Archivismi: l’organizzazione dei documenti in Internet Archive

Logo di Feddit Logo di Flarum Logo di Signal Logo di WhatsApp Logo di Telegram Logo di Matrix Logo di XMPP Logo di Discord

Archivismi: the organization of documents in the Internet Archive

This post was last updated by 6 months does

This is a text automatically translated from Italian. If you appreciate our work and if you like reading it in your language, consider a donation to allow us to continue doing it and improving it.

The articles of Cassandra Crossing I'm under license CC BY-SA 4.0 | Cassandra Crossing is a column created by Marco Calamari with the "nom de plume" of Cassandra, born in 2005.

Fifth episode of archivisms, since there will still be several for this period we will insert a couple of Cassandras a week so as not to fall too far behind!

This article was written on December 28, 2023 from Cassandra

Cassandra Crossing 562/ Archivismi: the organization of documents in the Internet Archive

Let's complete the description of how the Internet Archive organizes documents, and how the site allows them to be used

In the last episode we managed to archive documents, even large ones and in heterogeneous formats, and converting them during the process so as to have them available in multiple digital formats, reusable for the most diverse purposes.

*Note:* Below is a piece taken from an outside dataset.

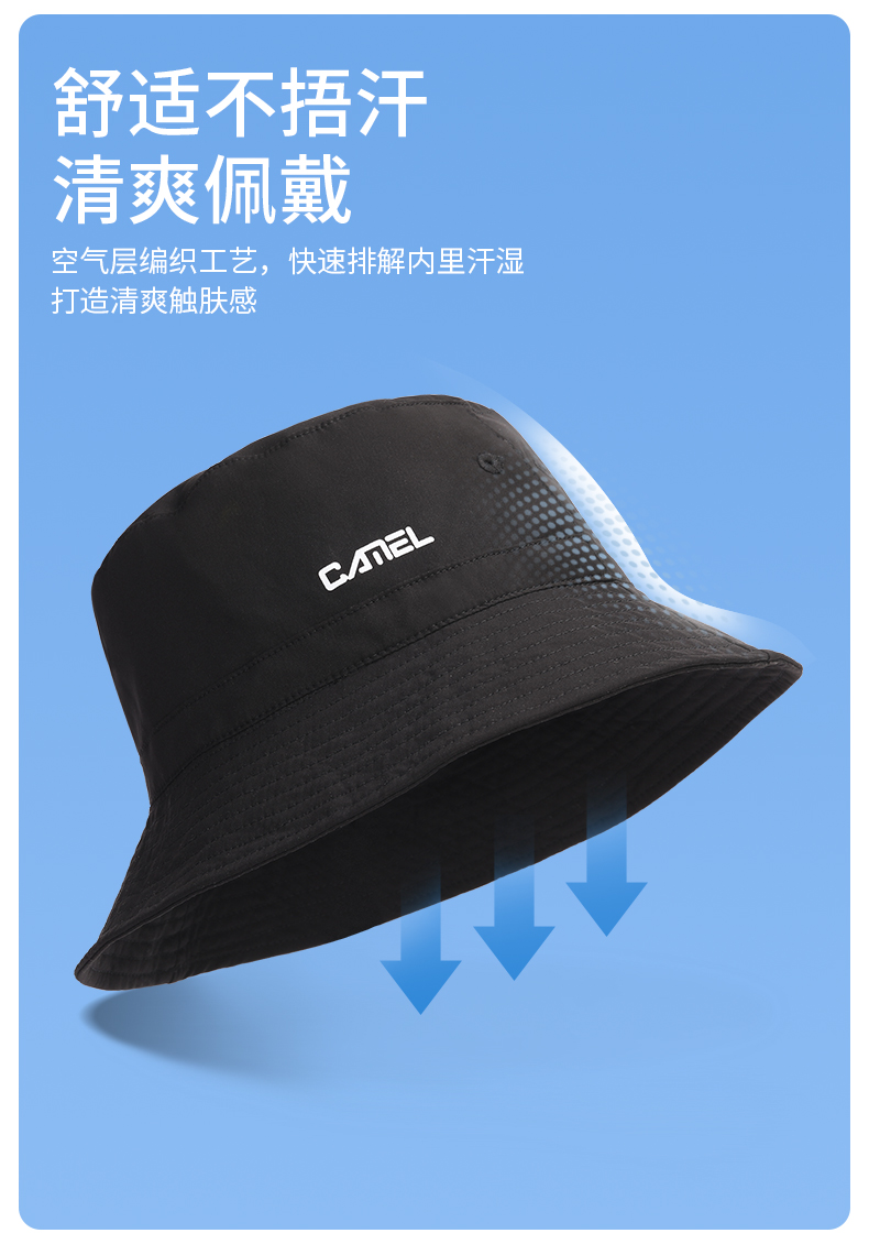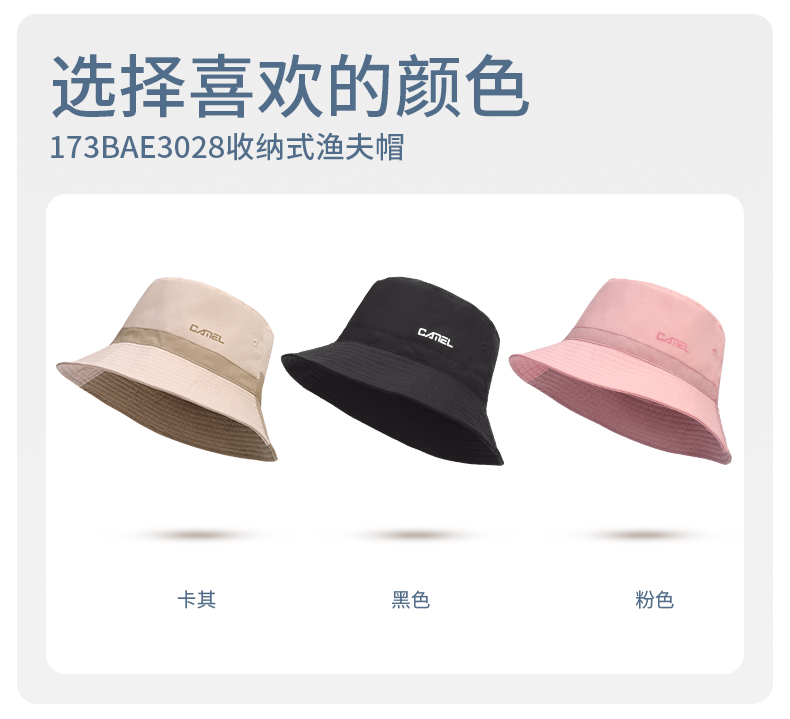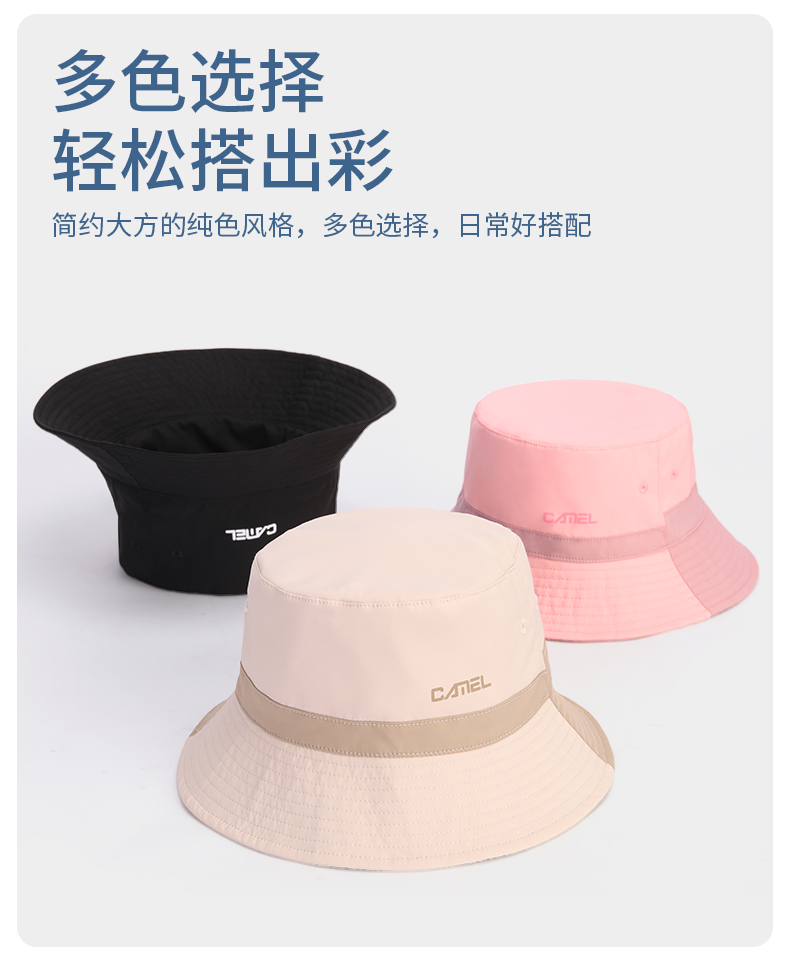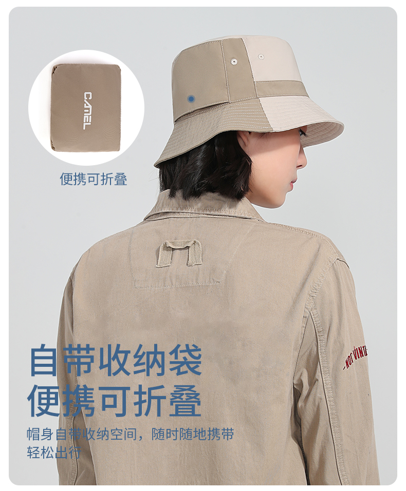 骆驼云感防晒帽女可收纳大帽檐遮阳帽子夏户外运动防紫外线渔夫帽 173BAE3028
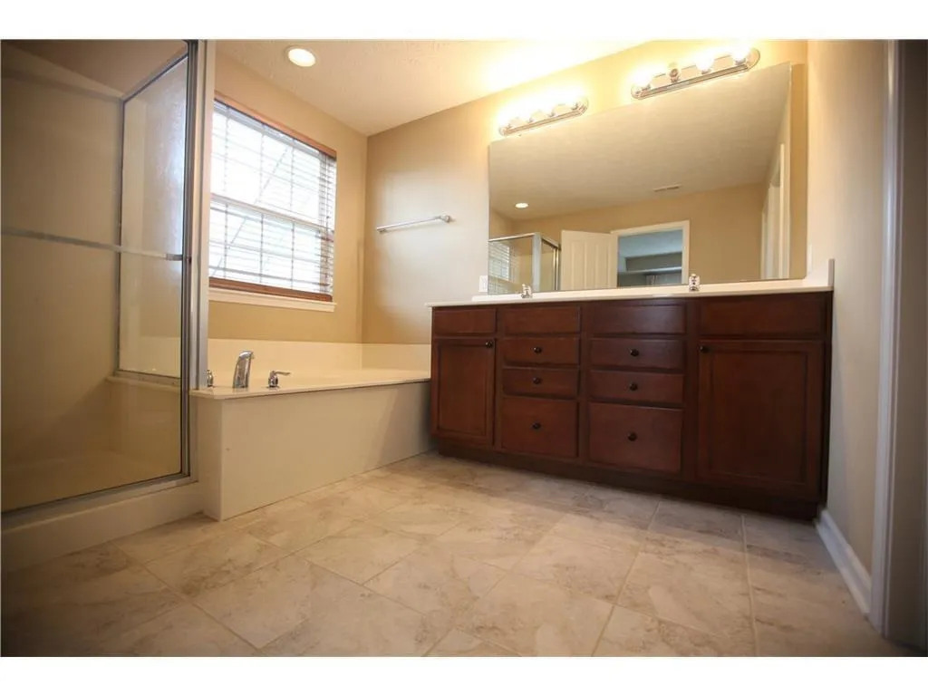 Executive Style Home in Carmel for rent, 4 Bedrooms plus Loft, 3 1/2 Baths, with a Finished Basement, 2 story foyer, Open and spacious home, formal living, formal dining, Den/Study, hardwood floors, gas fireplace, kitchen has center island, granite counters, backsplash, stainless steel appliances, beautiful maple cabinets, lots of windows, master bath has garden tub, separate shower, raised double vanities, laundry room on Main level, basement has a projector screen, recreational area, large covered porch at the back, 3 car garage. This is a beautiful home, neighborhood pool and playground close by, Carmel Clay Schools.

But to be able to say that I really have archived a document must also have been inserted into a larger body of documents, which in turn is equipped with various types of indexes and methods for organizing and searching the documents and the information contained in them.

It is therefore easy to understand the importance of knowing first like an existing digital library it allows you to organize your data, adapting to useful and well-studied common standards.

The architecture of Internet Archive it is as simple as it is powerful.

The first level of architecture is the object, which can be created and subsequently modified in various ways; an object is typically a single document. If the object is created by a registered and logged in user, the user is assigned the role of administrator of the object, who can then modify it, enrich it with additional data files and new metadata, and so on. If the object is created anonymously by an unregistered or unconnected user, for example using the Wayback Machine, it can no longer be modified by the person who created it, but only by Internet Archive administrators, upon specific request to be forwarded via email, formatted with specific templates.

The second (and last!) level of architecture is the collection (Collection). A collection is an object of a particular type, made up only of references to other objects. Like all objects, it is equipped with its own metadata, but it can only be created by Internet Archive administrators upon specific request from a registered user, a user who must meet certain requirements, listed in the collection creation policy. A collection can contain other collections as sub-collections. The user who has had the collection created and assigned can administer it by inserting the objects of which he is the creator, for example those he has uploaded.

When an object is created, it is assigned to a collection by default; if the object is created anonymously or directly by a user via upload, it is automatically assigned to a collection that we could define as "system".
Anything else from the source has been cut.